Source code in src/psplines/core.py

def plot_posterior(self, figsize: tuple[int, int] = (8, 6)) -> None:
    """
    Plot posterior
    """
    az.plot_posterior(
        self.trace,
        var_names=["lam", "sigma"],
        figsize=figsize,
        hdi_prob=0.95,
        point_estimate="mean",
    )

Usage Examples¶

Basic Usage¶

import numpy as np
from psplines import PSpline

# Generate data
x = np.linspace(0, 1, 50)
y = np.sin(2 * np.pi * x) + 0.1 * np.random.randn(50)

# Create and fit spline
spline = PSpline(x, y, nseg=20, lambda_=1.0)
spline.fit()

# Make predictions
x_new = np.linspace(0, 1, 100)
y_pred = spline.predict(x_new)

With Uncertainty Quantification¶

# Analytical standard errors
y_pred, se = spline.predict(x_new, return_se=True)

# Bootstrap confidence intervals
y_pred, se_boot = spline.predict(x_new, return_se=True, 
                                se_method="bootstrap", B_boot=1000)

Derivative Computation¶

# First derivative
dy_dx = spline.derivative(x_new, deriv_order=1)

# Second derivative with uncertainty
d2y_dx2, se = spline.derivative(x_new, deriv_order=2, return_se=True)

Bayesian Inference¶

# Fit Bayesian model
trace = spline.bayes_fit(draws=2000, tune=1000)

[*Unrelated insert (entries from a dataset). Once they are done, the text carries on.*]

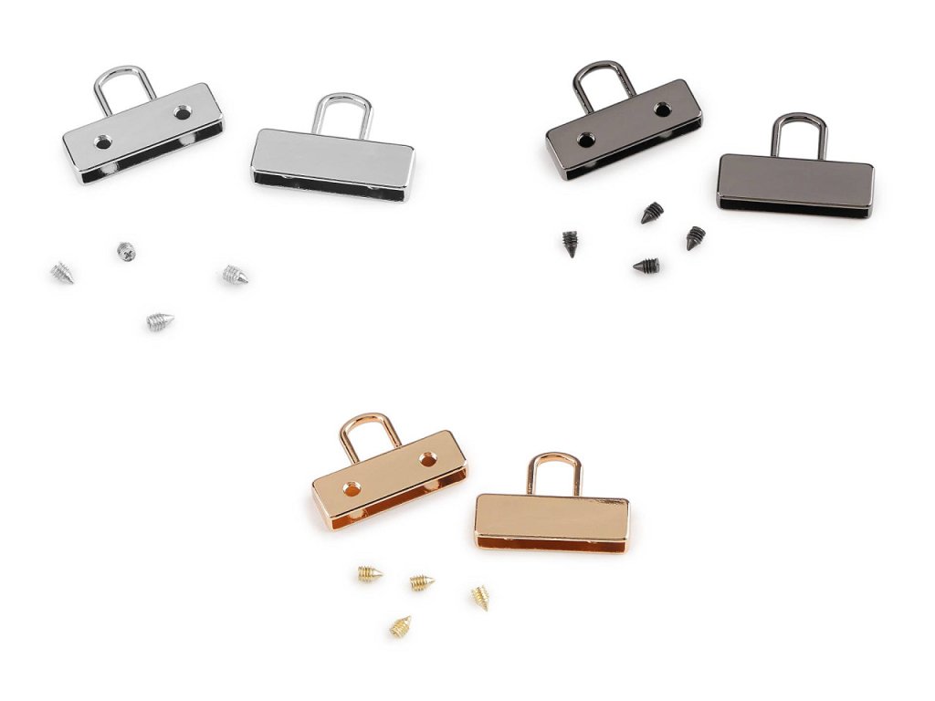 Koncovka na popruhy má vysoký lesk. Přilepíte do ní konec popruhu či jiného materiálu (s tloušťkou do 3 mm), který následně uchytíte přiloženými šroubky. Koncovky se hodí na výrobu uch ke kabelkám, psaníčkům a taškám. Můžete je také využít na ozdobné střapce, designové opasky apod. Rozměry šroubku jsou 2,7 x 4,4 mm.- Rozměry: 27 x 19 mm
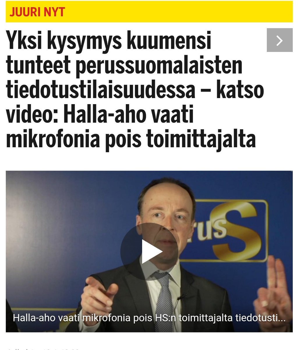 #persut vaativat sananvapautta - paitsi jos toimittaja yrittää kysyä Halla-aholta hänen blogistaan, silloin rynnätään yleisöön repimään toimittajalta mikki kädestä.#vaalit2019 pic.twitter.com/JJkRaCZEaQ
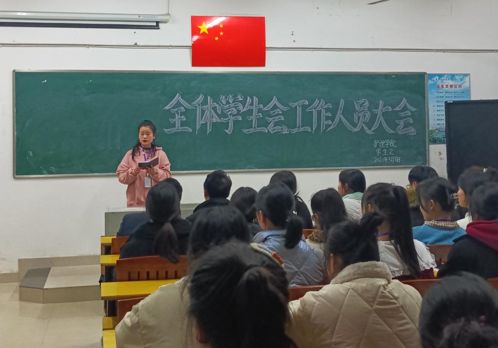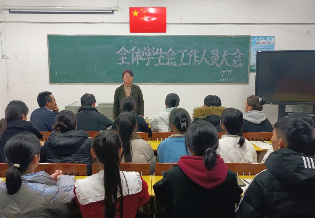 教学楼411室召开了学生会工作人员培训会。护理学院党总支书记胡蓉、副院长张蔺珊、团总支负责人刘
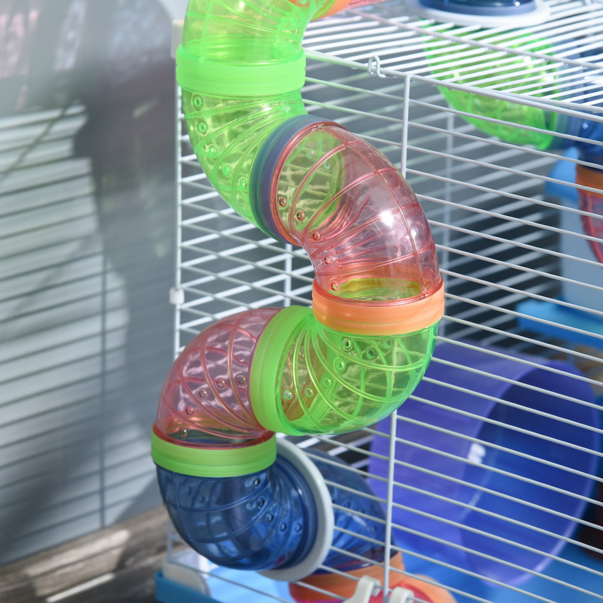 A gaiola vem completa com casa para dormir, bebedouro, comedouro, roda de exercícios, tubos e rampa. Proporciona um ambiente seguro e confortável para o seu animal de estimação explorar e se divertir. Não perca a oportunidade de garantir o bem-estar do seu pequeno roedor!
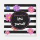 Snyggtens dekorativa utformning med blommor i pastellskuggor på en svart och genomskinlig vågrät med stripe bakgrund. Texten är helt och hållet anpassade. Om du vill ändra användan anpassar du den. Om du vill ha fler ändringar, t.ex. ändringar i teckensnitt, teckensnitt färg eller textlayout, användor du alternativet Anpassa.

# Get posterior credible intervals
mean, lower, upper = spline.predict(x_new, se_method="bayes")

Model Parameters¶

Basis Function Parameters¶

nseg: Number of B-spline segments
- Controls the flexibility of the basis
- More segments = more flexible fit
- Typical values: 10-50
degree: Degree of B-spline basis functions
- Controls local smoothness
- Higher degree = smoother derivatives
- Typical values: 1-4 (3 is most common)

Penalty Parameters¶

lambda_: Smoothing parameter
- Controls the trade-off between fit and smoothness
- Higher values = smoother fits
- Can be selected automatically
penalty_order: Order of the difference penalty
- 1: Penalizes first differences (rough penalty on slopes)
- 2: Penalizes second differences (rough penalty on curvature)
- 3: Penalizes third differences (rough penalty on jerk)

Constraint Parameters¶

constraints: Dictionary specifying boundary constraints
- "deriv": Derivative constraints at boundaries
- Example: {"deriv": {"order": 1, "initial": 0, "final": 0}}

Model Attributes¶

After fitting, the following attributes are available:

coef: B-spline coefficients
fitted_values: Fitted values at input points
knots: Knot vector used for B-splines
ED: Effective degrees of freedom
sigma2: Residual variance estimate
se_coef: Standard errors of coefficients
se_fitted: Standard errors of fitted values

Error Handling¶

The PSpline class includes comprehensive input validation:

Array validation: Checks for proper dimensions, finite values
Parameter validation: Ensures valid ranges and types
State validation: Verifies model is fitted before prediction
Constraint validation: Validates constraint specifications

All errors provide descriptive messages with suggested solutions.